# Metal Shakes



## kadesmith

I bought a home about two years ago and it has some cedar shakes on it that are becoming quite brittle. I think the roof was built in about 1975. I've noticed that there are now metal roof shakes and am curious to know the pros and cons of going with them. Few questions in particular

Are they noisy?
Do you loose much R-Value?
Are they more expensive than new cedar shakes?


----------



## Interloc

1. No
2. No
3. around here they are.


----------



## kadesmith

Thanks for answering. I've asked this question on a few forums and no one has answered me. I appreciate it.


----------



## Acubis

*Edco*

They are not noisy, The raw cost may actually be less depending on the quality shakes you get. 

They are much easier to install. A 4 man crew of a client of ours can do 10 squares a day or so.

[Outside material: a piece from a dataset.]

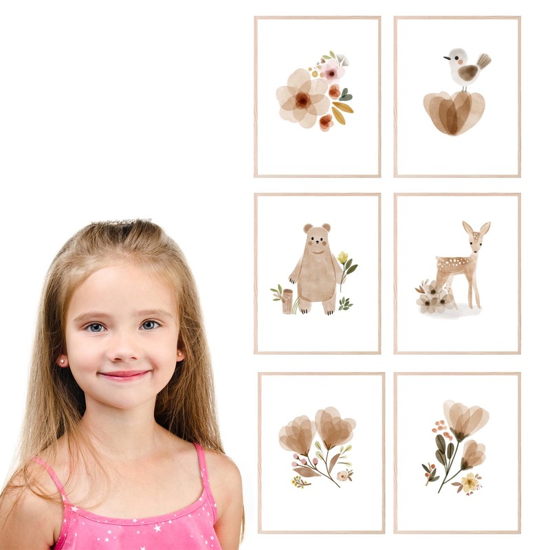 Baby Nursery Wall Decor Dive into the world of exquisite nursery styling with BigWig Prints' Baby Nursery Wall Decor. Created to serve as both an aesthetic and educational addition to your child's space, these prints encompass a myriad of elements. From animals to rainbows, the art pieces stimulate the young mind to explore and imagine. Designed to fit into an 8x10" frame, the Unframed Set of 6 provides a complete look, enabling you to decorate an entire wall or sprinkle individual pieces around the room for a cohesive theme.

They use Edco.

However, if you currently have wood, you will need a complete redeck which will add to the cost.

They look awesome installed! and last a LONG time.

a BRIEF overview and explanation of products here http://researchroofing.com/steelshingles.html


----------



## red_cedar

Our experience has been quite differnet then some of those mentioned.

Noisy? Depends on the product. Painted ones ( shakes = deeper profile. Shingles = thinner profile ) is somewhat more noise then a regular roof. This is due to the depth and hollowness of the panel itself, thus creating more reverberation. Some shakes have inserts that can fill the void and dampen the sound some.
Most of the added noise is heard outside, not so much inside.

Wood is a good insulator. So yes you would be losing R value. Whether it makes a difference depends on your roof assembly, attic, venting, insulation situations.

Not all shakes are put on a spaced sheating. You may have solid decking.

There are several thickness avaible with cedar as well as grades. 
Some cedar may cost less and others more.
I would suggest narrow down what your looking for and price them up.
So the ansewer is yes and no.
There are many options for each type of roof.


----------